### Exercise directions
Print, exactly as written, the line in the entries below that contains "Tsuchiyama Service area" and every line after it up to and including the last. Omit pictures.

### Records to process
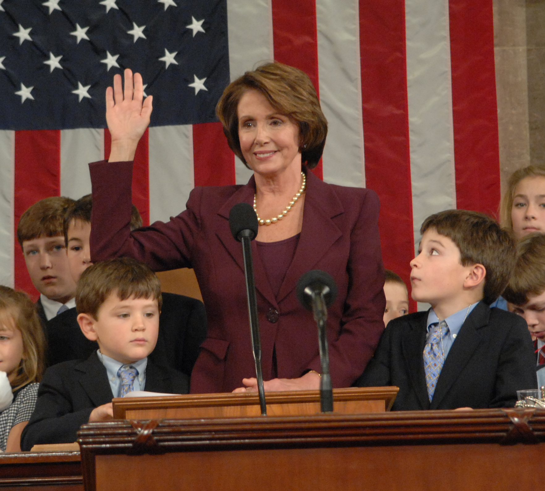 Congresswoman Pelosi being sworn in as Speaker of the U.S. House of Representatives on January 4, 2007
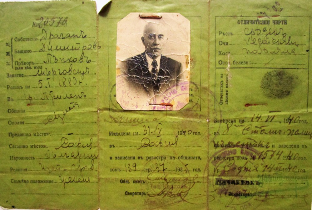 ID card of Dragan Tapkov.
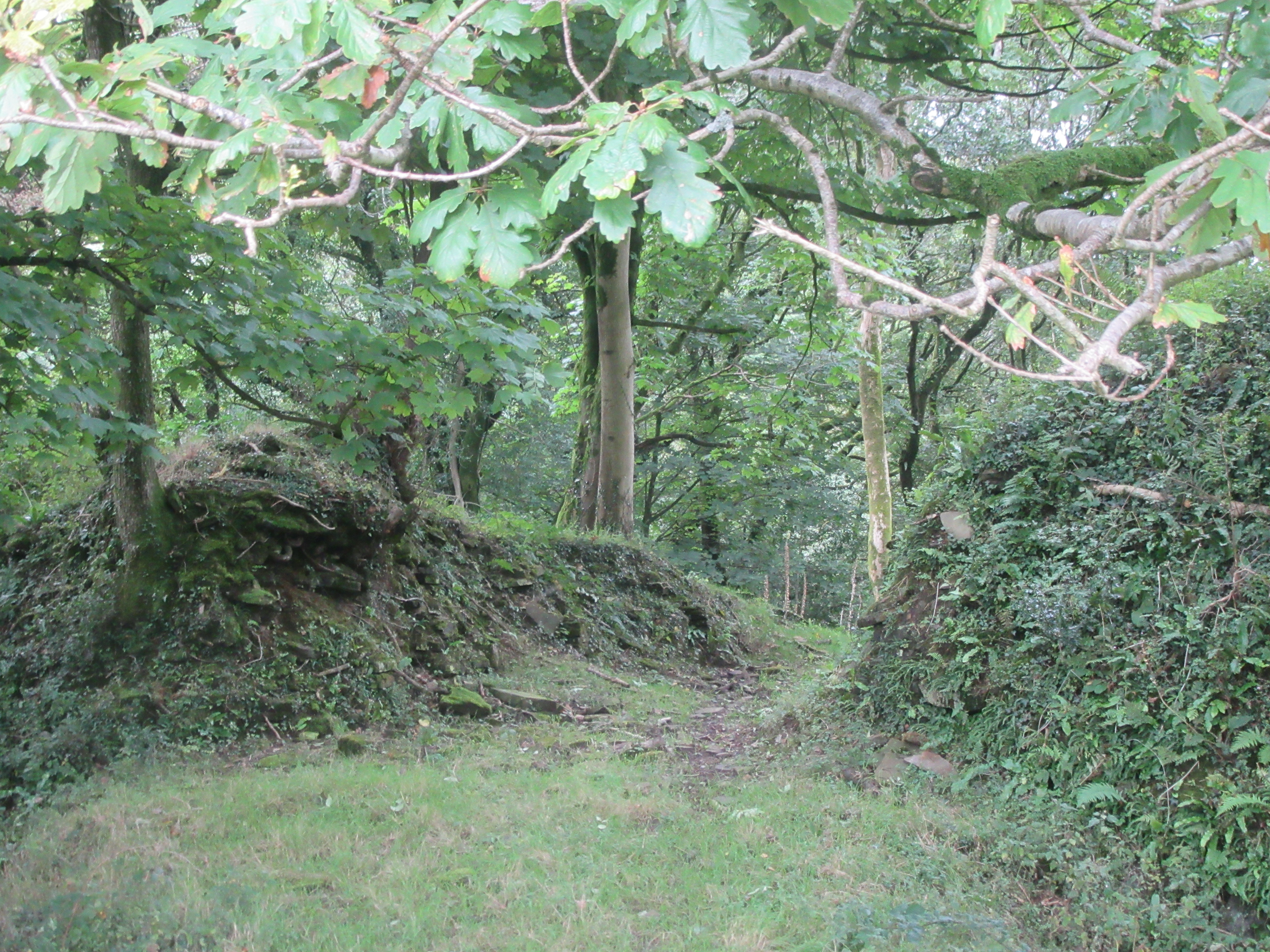 The north eastern approach to Llangynywyd Castle. The ruins of the entrance to the curtain wall can be seen. Taken August 2017.
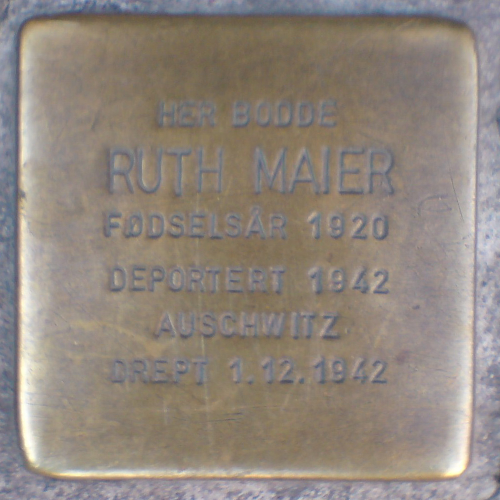 "Stolperstein" in pavement at Dalsbergstien 3, Oslo, in memory of Ruth Maier. Inscription reads (translated): "Here lived Ruth Maier, born 1920, deported 1942, Auschwitz, killed December 1, 1942"
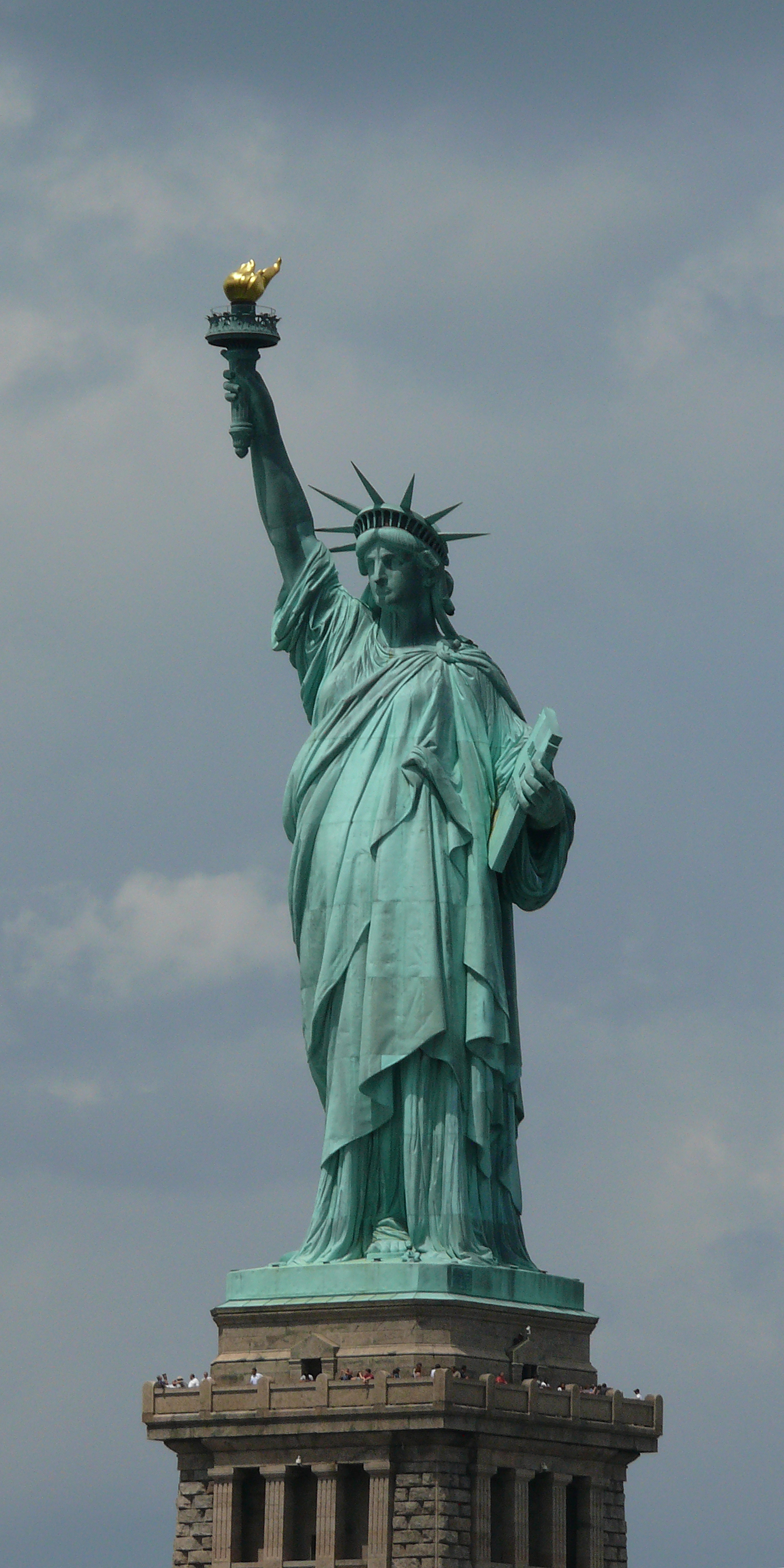 Statue of Liberty, also known as Lady Liberty her official name is Liberty Enlightening the World. It was dedicated on October 28, 1886, and is a monument commemorating the centennial of the signing of the United States Declaration of Independence, given to the United States by the people of France to represent the friendship between the two countries established during the American Revolution.
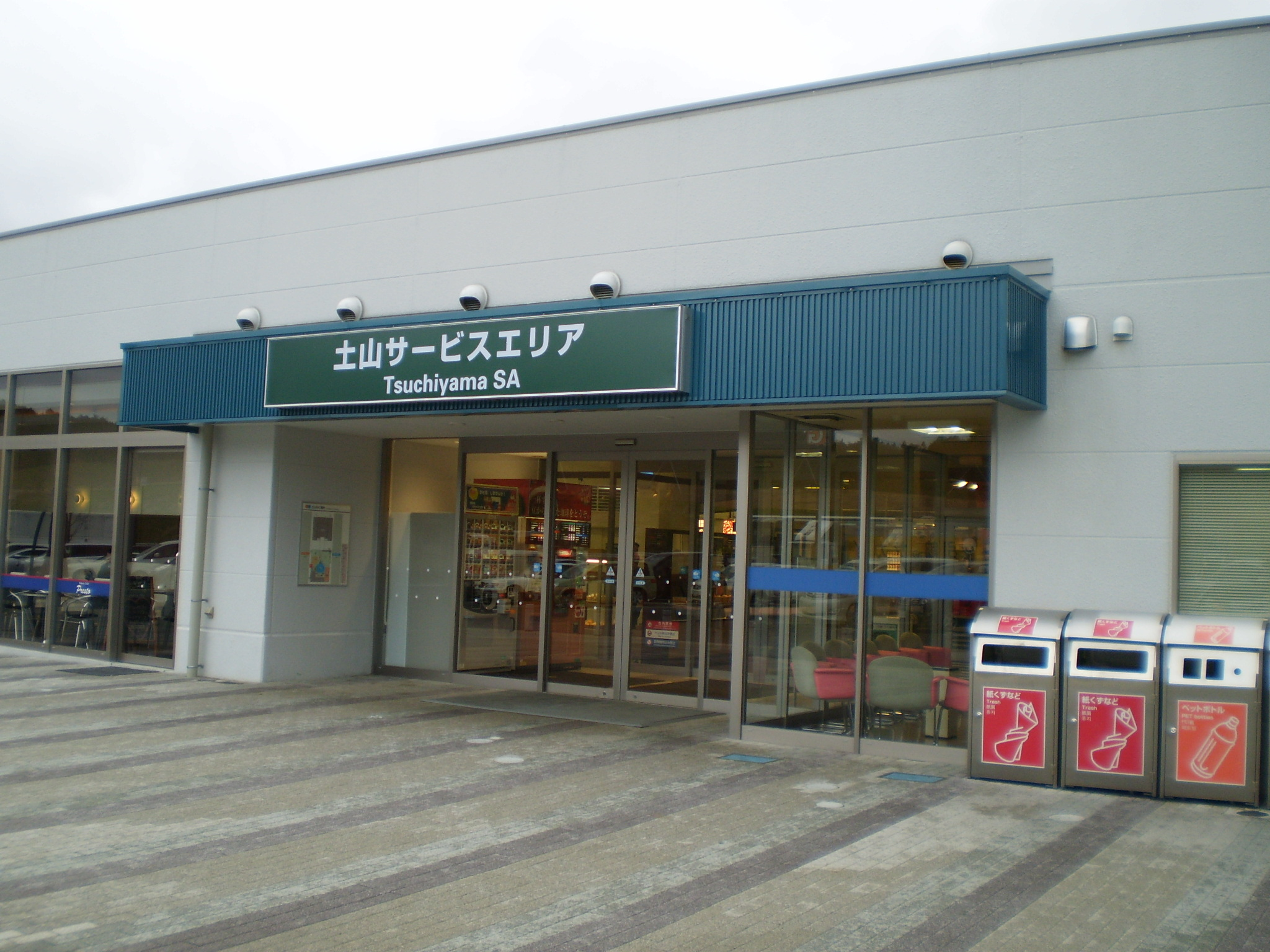 Tsuchiyama Service area
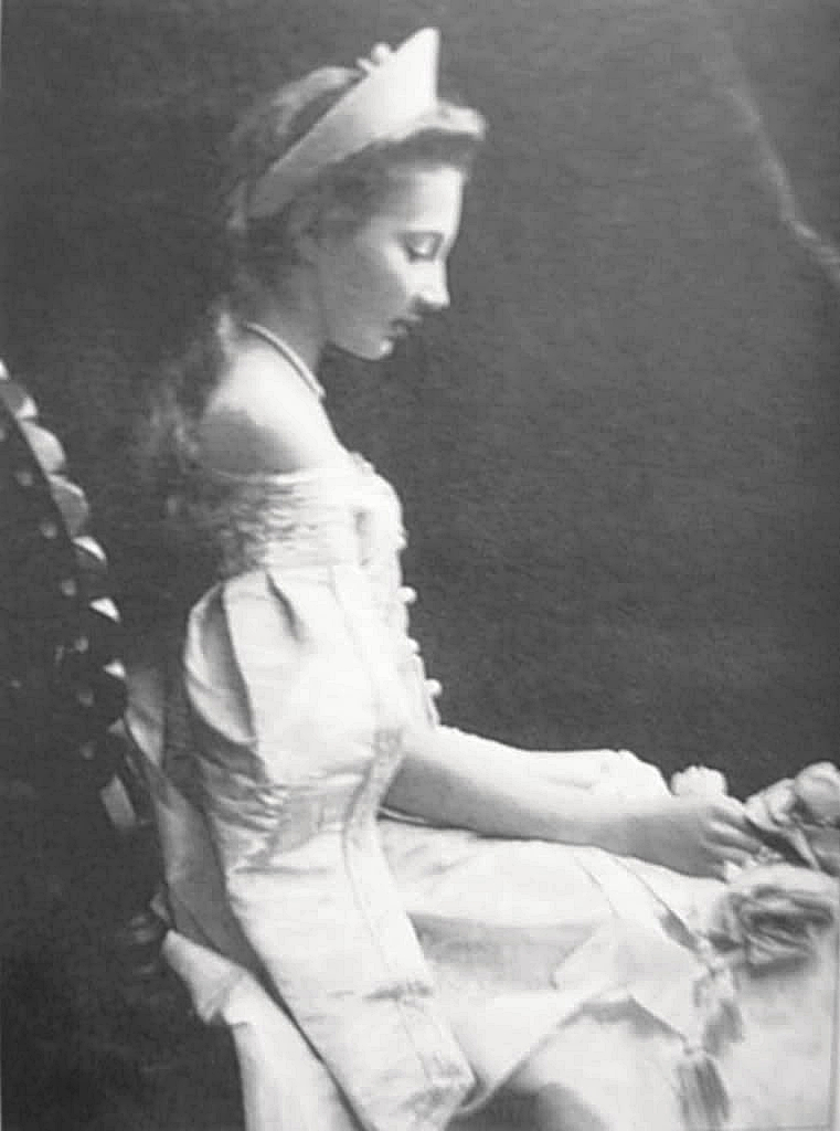 Tatiana Konstantinovna of Russia
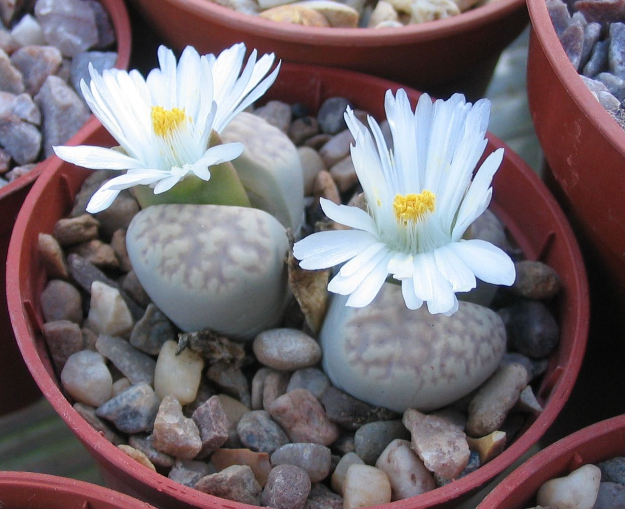 Lithops amicorum in cultivation
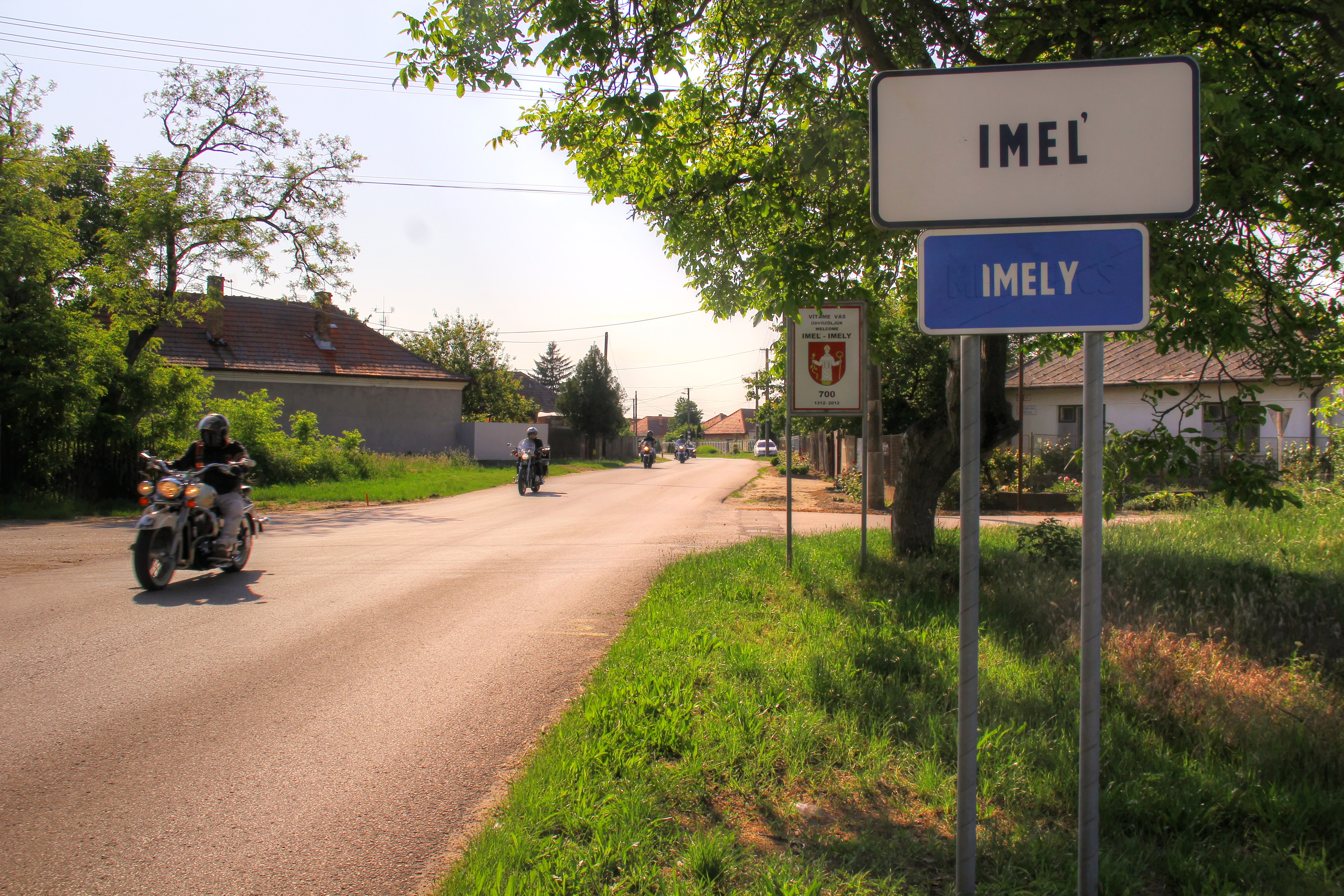 An entrance to the village Imeľ

### Exercise solution
 Tsuchiyama Service area
 Tatiana Konstantinovna of Russia
 Lithops amicorum in cultivation
 An entrance to the village Imeľ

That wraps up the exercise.